Monitoring Assumptions in Assume-Guarantee Contracts

TL;DR

This paper presents a method for constructing and verifying runtime monitors for assume-guarantee contracts in software components, addressing challenges in ensuring assumptions hold during execution.

Contribution

It introduces a novel approach for building and verifying environment monitors, including handling input transformations and ensuring alarm correctness.

Findings

Proposes a method for monitor construction and verification.

Addresses challenges of input transformation in monitoring.

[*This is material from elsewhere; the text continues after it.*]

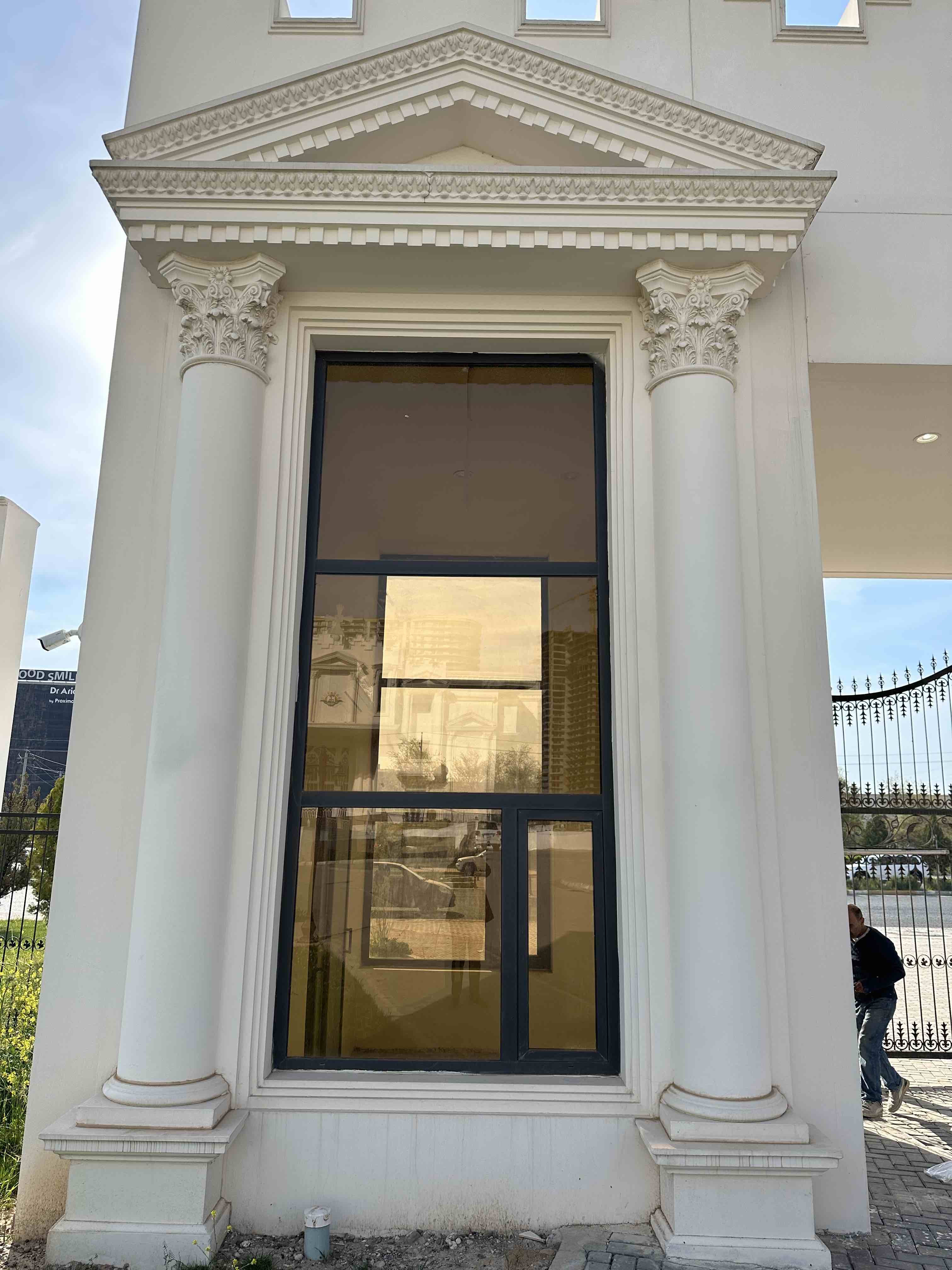 Each window GRC frame is produced as a single-piece GFRC unit, completed with decorative side brackets to enhance the historical aesthetic. The façade also incorporates GFRC columns with GRC Roman Corinthian crowns, adding a refined classical character throughout the structure.

Discusses limitations and potential solutions for instrumentation-based monitoring.

Abstract

Pre-deployment verification of software components with respect to behavioral specifications in the assume-guarantee form does not, in general, guarantee absence of errors at run time. This is because assumptions about the environment cannot be discharged until the environment is fixed. An intuitive approach is to complement pre-deployment verification of guarantees, up to the assumptions, with post-deployment monitoring of environment behavior to check that the assumptions are satisfied at run time. Such a monitor is typically implemented by instrumenting the application code of the component. An additional challenge for the monitoring step is that environment behaviors are typically obtained through an I/O library, which may alter the component's view of the input format. This transformation requires us to introduce a second pre-deployment verification step to ensure that alarms raised by the monitor would indeed correspond to violations of the environment assumptions. In this paper, we describe an approach for constructing monitors and verifying them against the component assumption. We also discuss limitations of instrumentation-based monitoring and potential ways to overcome it.